What is required
Transcribe the listing below exactly, without pictures.

Given material

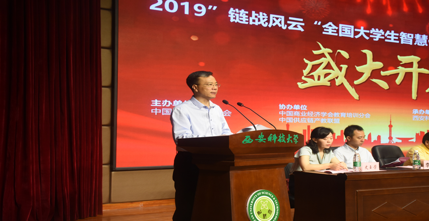 6月1日至2日,2019年“链战风云”全国大学生智慧供应链创新创业挑战赛(本科组)总决赛在我校临潼校区骊山校园成功举办。中国商业经济学会副秘书长郑天舒、我校副校长王贵荣、英国上市官网365院长王新平、招生办主任兼教务处副处长李磊、英国上市官网365党委副书记贾斌、副院长邹绍辉、史玉芳等出席了大赛开幕式。
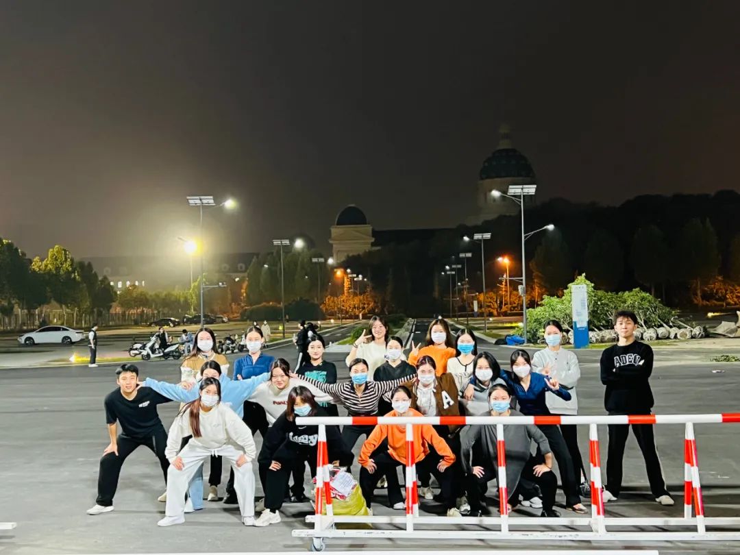 台上一分钟,台下十年功。为了出色完成表演,每一个动作都要到位,每一个细节都要记好。一次次的反复练习,只为最终呈现整齐划一的效果。夜幕降临,伴着十一月的秋风,披着夜晚的月光,啦啦操队员仍在抓紧时间,刻苦训练。因疫情原因,杨岚老师夜晚隔着大门围栏指挥队员动作、框架、队形、节奏,赵佳慧老师上课之余也在微信群里仔细审阅队员们的训练视频,一个一个地用心指导,强化细节,给同学们加油打气。
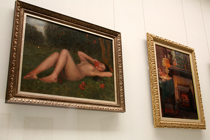 《裸婦と椿》(左)と《ランプと暖炉》。ともに児島虎次郎の作品
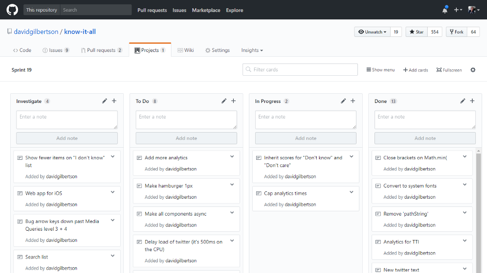 我在过去三周里我不再使用 Jira,而是一直在 GitHub 上做所有的任务,这是一个我很喜欢的有点看板风格的小项目。

Solution below
 6月1日至2日,2019年“链战风云”全国大学生智慧供应链创新创业挑战赛(本科组)总决赛在我校临潼校区骊山校园成功举办。中国商业经济学会副秘书长郑天舒、我校副校长王贵荣、英国上市官网365院长王新平、招生办主任兼教务处副处长李磊、英国上市官网365党委副书记贾斌、副院长邹绍辉、史玉芳等出席了大赛开幕式。
 台上一分钟,台下十年功。为了出色完成表演,每一个动作都要到位,每一个细节都要记好。一次次的反复练习,只为最终呈现整齐划一的效果。夜幕降临,伴着十一月的秋风,披着夜晚的月光,啦啦操队员仍在抓紧时间,刻苦训练。因疫情原因,杨岚老师夜晚隔着大门围栏指挥队员动作、框架、队形、节奏,赵佳慧老师上课之余也在微信群里仔细审阅队员们的训练视频,一个一个地用心指导,强化细节,给同学们加油打气。
 《裸婦と椿》(左)と《ランプと暖炉》。ともに児島虎次郎の作品
 我在过去三周里我不再使用 Jira,而是一直在 GitHub 上做所有的任务,这是一个我很喜欢的有点看板风格的小项目。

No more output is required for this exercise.